I am assuming since you omitted units you meant 0.1641 ohms per foot for 710 feet giving 116.51 ohms. I=E/R, at 350 volts I = 3 amperes at 350 volts. 1,051.4 watts per second. So my original thoughts are close. Think about how much heat a steady kilowatt represents. I imagine you may need more than one fire extinguisher but that's just me. Having been hurt badly many times in 60 years of mad science I try to look at things from a safety viewpoint. OK your right not 60, but I swear at 5 years of age my dad caught me sitting on the sidewalk in front of the house with a hammer and a box of .22 long rifle shells. I beat all but 2 or 3 flat laughing with glee at the pop and fizzle. Yes that is what they did, nothing went flying anywhere. More than a few I hit just right and they were loud enough it drew him out from his morning coffee. I consider that the beginning of my foray into mad science so being more precise in 55 years of mad science I have learned through pain and injury to look at problems with a more analytical mind never forgetting safety. What you are trying to do is not safe and your design thinking is not correct. But you have to start somewhere, hopefully not the way I did. My first rocket set an entire field ablaze bringing out two fire trucks. I'm hoping your electromagnet does not do the same thing to you but it sure sounds like this will be the end result.

elementcollector1 - 19-1-2014 at 10:35

I see. In that case, what about running at just 1 amp? This is 116 V, and 116 W/s as well. Is this a more reasonable goal? This is about the input for the average lightbulb, so the magnet should heat up considerably (it already warms to the touch at the previous 0.056 A). If no, I could work with half an amp as well. The point is something signficantly stronger than what I'm working with now - 1 amp represents a multiplication in strength of x18, 1/2 amp represents a multiplication of x9, etc.

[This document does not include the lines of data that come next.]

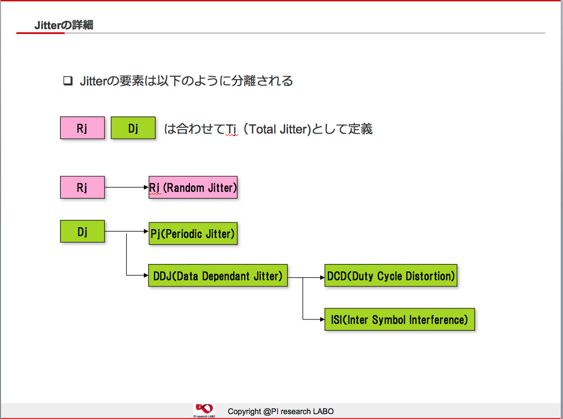 Rj/Djはそれぞれ、Random Jitter/Deterministic Jitterと呼ばれる物です。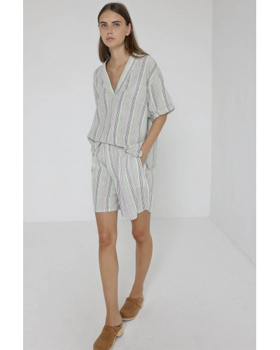 Adoptez un style décontracté et tendance avec le short à rayures Ralph. Ses rayures colorées ajoutent une touche vibrante à votre tenue estivale.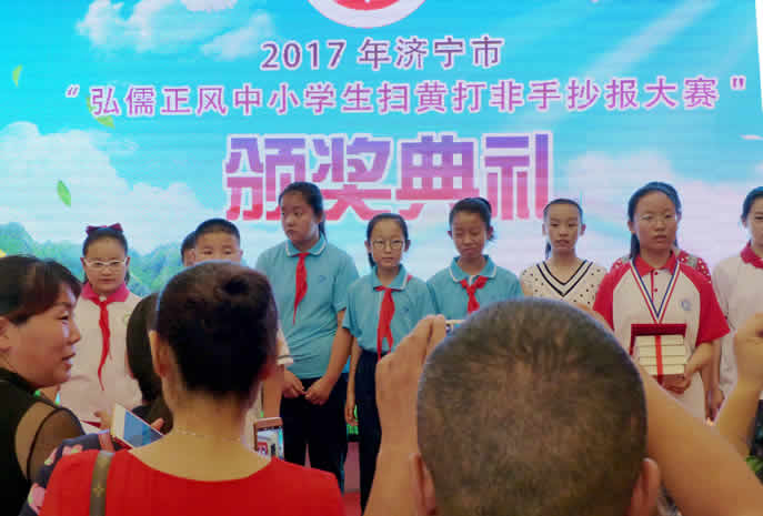 6月18日上午,为弘扬儒家优秀传统文化,打造文明和谐校园,由市委宣传部、市文明办、市”扫黄打非”领导小组办公室主办的全市弘儒正风中小学生”扫黄打非”手抄报大赛获奖作品展暨表彰会在市群众艺术馆举行,共展出中小学生手抄报作品200幅。本次活动历时3个月,全市有10万名中小学生参加,收到作品近5万件,其中60幅作品分获一二三等奖。

The main purpose of all this is to electromagnetically levitate a neodymium magnet from 6" away, which (by my thinking) can only be done by a particularly strong electromagnet and a particularly strong Nd magnet.

IrC - 19-1-2014 at 13:18

More reasonable yes although I'm confused as to how the 350 volt power supply lowered to 116 volts, unless it is adjustable. Having done no calculations I cannot say if it will or will not work. However I don't think your electromagnet will be strong enough. Go another way. Weigh your magnet, measure the field strength. Calculate what field the electromagnet will require to do what you want. I see another flaw in your approach. One dipole field is not going to levitate another easily since it will tend to shift off to the side. Try it with two magnets to simulate your experiment you will see what I mean. I have a sheet of graphene which requires 4 N50 magnets to levitate and sit stationary in zero wind. Better yet study the Levitron, it must have perfect weight, balance, rate of spin, and proper height above the magnetic base. Those floating globes use a dynamically adjusted field with feedback from a Hall signal. They are also far lighter than a large super-magnet. I have never tried your experiment so I am not the best one to help you in this but just from experience I think what you wish is going to be much harder and require much stronger fields than you realize. I also think it makes sense to have a soft Iron core for your electromagnet which diverges, along with far more turns than you are talking about. In any case I would begin by calculating the field strength your electromagnet will need to work, then design the electromagnet based upon that.

Going back to my concern about levitating with two magnets, those globes would also shift off to the side if the field were steady. In reality it lifts, shuts down field, falls, re-powers the field, lifts, and so on very rapidly many times each second. So that it appears to float stationary. The reason a superconductor levitates is the opposing field is dynamic, every microscopic movement alters the opposing field to yet again oppose. Two simple magnets in your case, the light one will never stop trying to flip over sticking to the other one. As the Levitron inventor discovered it must be rotating rapidly in a field very carefully shaped. I would search and study magnetic levitation before I went further.

elementcollector1 - 19-1-2014 at 17:26

The boost converter would have supplied 116 volts or possibly more if I built it in the way mentioned here (http://www.instructables.com/id/DC-Boost-Converter/). Multiplying that voltage would have been subject to being figured out later, but if 110 volts is fine then that doesn't need to even happen.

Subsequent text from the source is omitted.